© KCNA/ReutersU.S. student Otto Warmbier speaks at a news conference in this undated photo released by North Korea's Korean Central News Agency (KCNA) in Pyongyang February 29, 2016
A US student arrested in North Korea for a "hostile act" has tearfully apologized for stealing a political banner "as a trophy," saying that a church supported by the American government made him do it.
Otto Warmbier, a 21-year-old student of at the University of Virginia, appeared in a government-arranged news conference in Pyongyang, begging for forgiveness for what he said was "the worst mistake in his life."
"I committed my crime of taking out the important political slogan from the staff-only area of the Yanggakdo International Hotel," he said, begging for "the Korean people and government" for forgiveness.
In his comments, Warmbier has said that he had planned his act in detail before arriving in Pyongyang on a tourist visa on December 29.
"On January 1, 2016, I committed my crime of taking down an important political slogan from a staff-only area Yanggakdo International Hotel aimed at harming the work ethic and the motivation of the Korean people," Warmbier said, adding that he was arrested early in the morning on January 2 at the airport.

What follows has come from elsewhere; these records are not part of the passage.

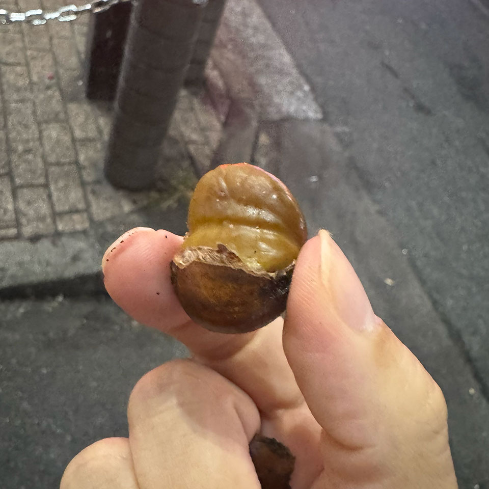 食べていると小さい頃よく栗を食べていたのを思い出した。昔は安かったそうです。栗のお菓子は興味ないけど栗はおいしい。渋谷の買い食いにぴったりの一品です。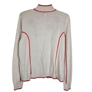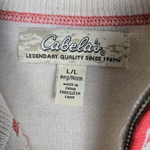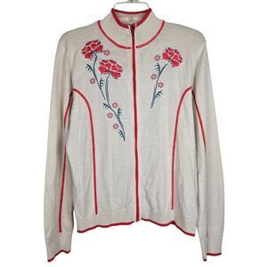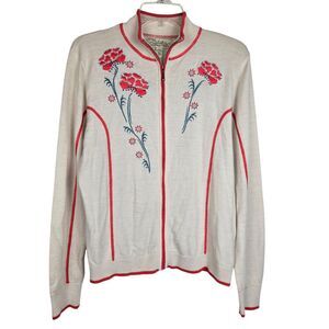 Cabela's Cream Orange Cardigan Sweater L Merino Wool Zip Embroidered Flower Boho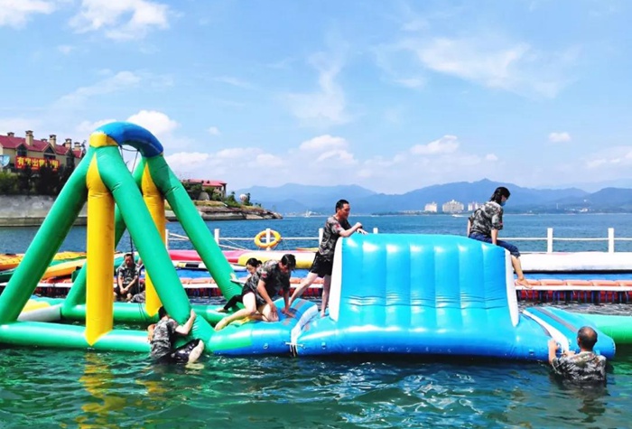 經過一晚的休整,第二天,團隊迎來了新一輪的比賽。這次以公司為單位,大家分成了潔能、生產、平臺三個隊伍。比賽共計三輪:水上鋼琴、皮劃艇競賽、水上闖關。

Warmbier said that he wanted to take the banner as his trophy for a church deaconess, who offered to buy him a used car worth $10,000 if he was successful, and was also motivated by a money award from a UVA secret society that he wanted to join, according to the North's state-run Korean Central News Agency (KCNA)."My reward for my crime was so much smaller than the rewards that the Z Society and the Friendship United Methodist Church get from the United States administration," he said during the news conference, which was aired by CNN and AP.